Optionally, the second extraction module 36 in this application may further include: the first extraction unit is used for extracting RGB channel values of all pixel points in the second image and independently forming each channel value into a vector; the first processing unit is used for counting the pixel value of each channel vector and selecting the pixel value meeting the range of the preset quantile; the calculation unit is used for calculating the mean value of the pixel values of each channel vector based on the selected pixel values meeting the preset quantile range; and the second processing unit is used for combining the average values into vectors with preset lengths according to the sequence of R, G and B, and taking the vectors with the preset lengths as color features.

Further, the second extraction module in the present application may further include: a second extraction unit configured to extract a first maximum inscribed rectangle from an area of the second image; the third extraction unit is used for extracting the texture features of the maximum inscribed rectangle under the condition that the ratio of the area of the first maximum inscribed rectangle to the area of the second image is greater than or equal to a fourth preset threshold; the fourth processing unit is used for dividing the area of the second image into N areas with equal areas under the condition that the ratio of the area of the first maximum inscribed rectangle to the area of the second image is smaller than a fourth preset threshold; wherein N is a positive integer greater than or equal to 2; the fifth processing unit is used for respectively searching a second maximum inscribed rectangle from each of the N areas and determining a plurality of inscribed union set rectangles of the first maximum inscribed rectangle and the plurality of second maximum inscribed rectangles; and the sixth processing unit is used for determining the areas of the plurality of inscribed union set rectangles according to different values of N and selecting the plurality of inscribed union set rectangles with the largest areas to extract the texture features.

It should be noted that the operations performed by the units included in the second extraction module correspond to the method steps of steps S206-21 to S206-25 in embodiment 1.

It should be noted that, the above modules may be implemented by software or hardware, and for the latter, the following may be implemented, but not limited to: the modules are all positioned in the same processor; alternatively, the modules are respectively located in different processors in any combination.

Example 3

Embodiments of the present invention also provide a storage medium having a computer program stored therein, wherein the computer program is arranged to perform the steps of any of the above method embodiments when executed.

Alternatively, in the present embodiment, the storage medium may be configured to store a computer program for executing the steps of:

s1, acquiring a first image containing the target object;

s2, extracting a second image corresponding to a designated area from the first image, wherein the designated area is an area in the first image containing the target object;

and S3, extracting the color feature and the texture feature of the target object from the second image, and identifying the color and the character of the target object in the first image based on the color feature and the texture feature.

Optionally, in this embodiment, the storage medium may include, but is not limited to: various media capable of storing computer programs, such as a usb disk, a Read-Only Memory (ROM), a Random Access Memory (RAM), a removable hard disk, a magnetic disk, or an optical disk.

Embodiments of the present invention also provide an electronic device comprising a memory having a computer program stored therein and a processor arranged to run the computer program to perform the steps of any of the above method embodiments.

Optionally, the electronic apparatus may further include a transmission device and an input/output device, wherein the transmission device is connected to the processor, and the input/output device is connected to the processor.

Optionally, in this embodiment, the processor may be configured to execute the following steps by a computer program:

s1, acquiring a first image containing the target object;

Optionally, the specific examples in this embodiment may refer to the examples described in the above embodiments and optional implementation manners, and this embodiment is not described herein again.

It will be apparent to those skilled in the art that the modules or steps of the present invention described above may be implemented by a general purpose computing device, they may be centralized on a single computing device or distributed across a network of multiple computing devices, and alternatively, they may be implemented by program code executable by a computing device, such that they may be stored in a storage device and executed by a computing device, and in some cases, the steps shown or described may be performed in an order different than that described herein, or they may be separately fabricated into individual integrated circuit modules, or multiple ones of them may be fabricated into a single integrated circuit module.

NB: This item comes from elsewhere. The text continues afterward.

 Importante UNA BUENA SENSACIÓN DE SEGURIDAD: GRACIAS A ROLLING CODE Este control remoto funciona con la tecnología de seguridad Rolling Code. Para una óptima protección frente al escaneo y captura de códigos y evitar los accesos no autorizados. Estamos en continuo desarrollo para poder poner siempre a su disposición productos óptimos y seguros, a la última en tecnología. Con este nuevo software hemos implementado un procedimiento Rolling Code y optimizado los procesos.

Thus, the present invention is not limited to any specific combination of hardware and software.

The above description is only a preferred embodiment of the present invention and is not intended to limit the present invention, and various modifications and changes may be made by those skilled in the art. Any modification, equivalent replacement, or improvement made within the principle of the present invention should be included in the protection scope of the present invention.

Claims

1. An image recognition method, comprising:

acquiring a first image containing a target object;

extracting a second image corresponding to a designated area from the first image, wherein the designated area is an area containing the target object in the first image;

and extracting color features and texture features of the target object from the second image, and identifying the color and the character of the target object in the first image based on the color features and the texture features.

2. The method of claim 1, wherein said obtaining a first image containing a target object comprises:

collecting a plurality of image data containing the target object, and establishing an image database based on the collected image data;

training the first convolutional neural network based on the image data in the image database to obtain a second convolutional neural network for classification;

and analyzing the input image data through the second convolutional neural network to obtain the first image.

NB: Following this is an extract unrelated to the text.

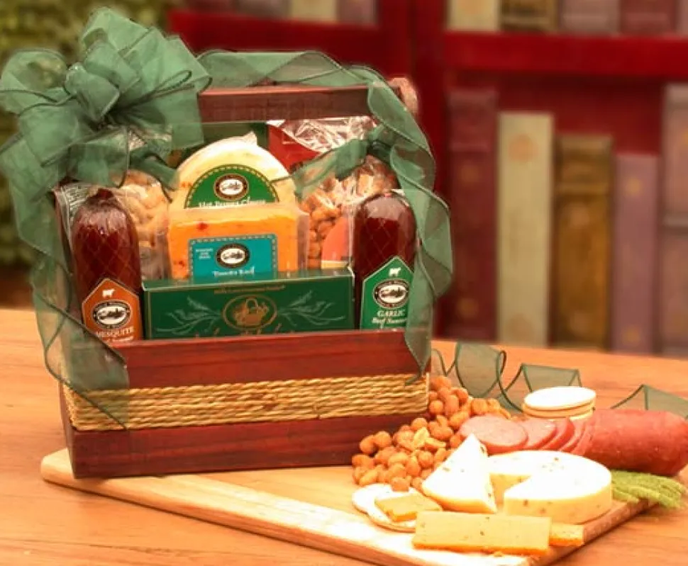 Your manly man will enjoy the truly manly snacks and gourmet treats in the Sausage and Nut Tote gift basket. Meats and cheeses galore and a variety of nuts will tempt his taste buds. The lovely wooden gift tote will last long after all the treats have disappeared. Send your manly man this sausage and nut gift basket!

3. The method according to claim 1, wherein the extracting the second image corresponding to the designated area from the first image comprises:

Performing brightness normalization processing on the first image;

performing clustering segmentation processing on the first image subjected to brightness normalization processing;

carrying out contour detection segmentation processing on the first image subjected to brightness normalization processing;

and determining the second image according to the matching degree of the first image subjected to clustering segmentation and the first image subjected to contour detection segmentation.

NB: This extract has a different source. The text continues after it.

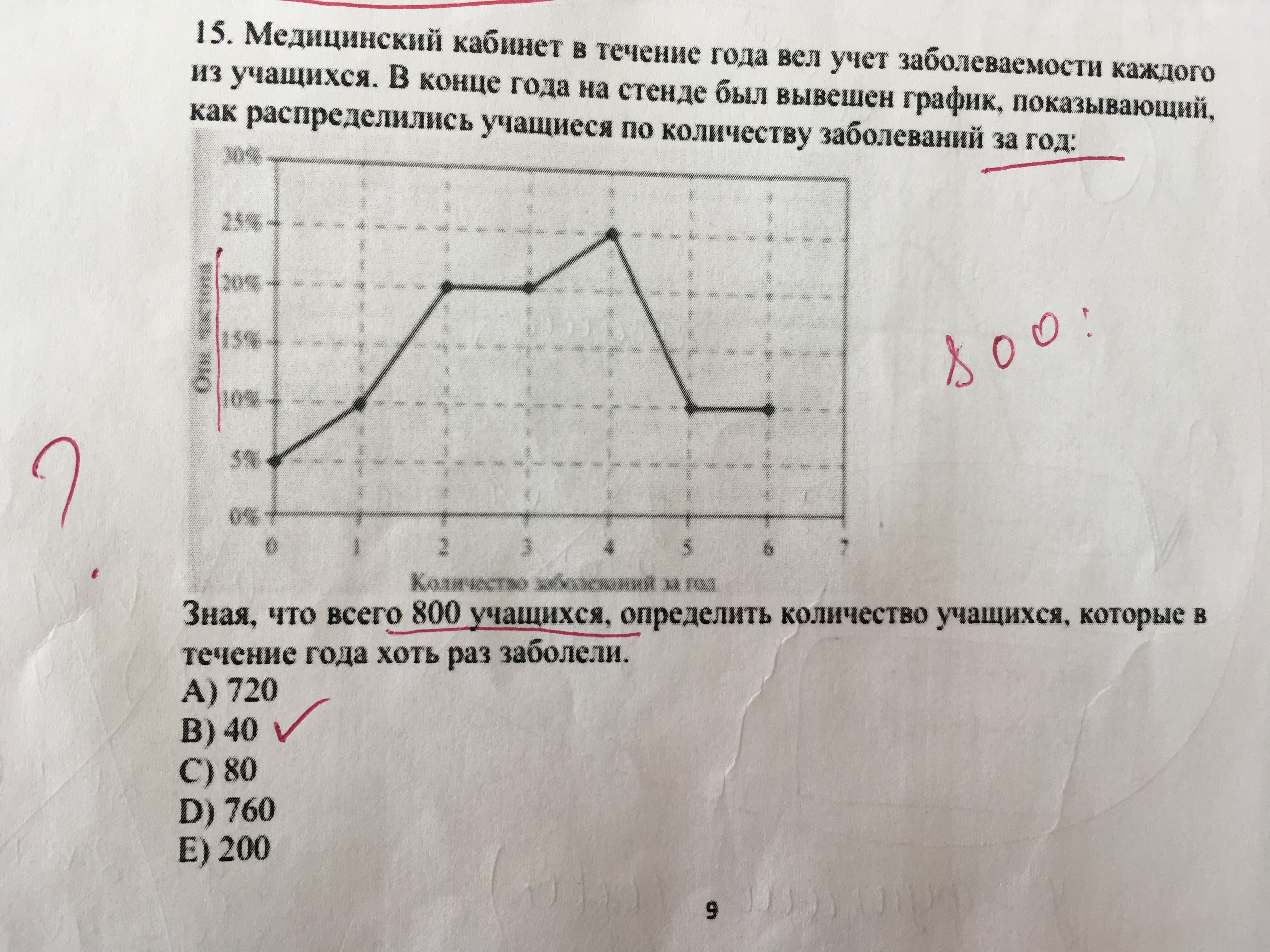 Медицинский кабинет в течении года вёл учёт заболеваемости каждого из учащихся. В конце года на стенде был вывешан график, показывающий как распределялись учащиеся по количеству заболеваний в год. Зная что всего 800 учащихся, определите количество учащихся, которые в течении года хоть раз заболели.

4. The method of claim 3, wherein the performing brightness normalization on the first image comprises:

converting the first image from RGB space to CIELAB space at standard illuminant D65 level;

performing enhancement processing on an L channel in the image of the CIELAB space in an adaptive histogram equalization mode for limiting contrast so as to finish brightness normalization processing on the L channel;

and combining the L channel in the CIELAB space image subjected to the brightness normalization processing with the unprocessed A channel and B channel in the CIELAB space image to obtain an RGB space image serving as the first image subjected to the brightness normalization processing.

5. The method according to claim 3, wherein the performing a cluster segmentation process on the first image after the brightness normalization process comprises:

Establishing a characteristic vector for each pixel in the first image after brightness normalization processing;

clustering the feature vectors of the pixels into a preset number of categories through a clustering algorithm, and obtaining a preset number of clustered images corresponding to the preset number of categories;

extracting a third image from the first image, wherein the third image is an image which takes the center of the first image as the center and has an area of a preset percentage of the first image;

and respectively counting the number of the pixel points in the preset number of the cluster images in the third image, and marking the cluster image with the most pixel points in the third image as a central image.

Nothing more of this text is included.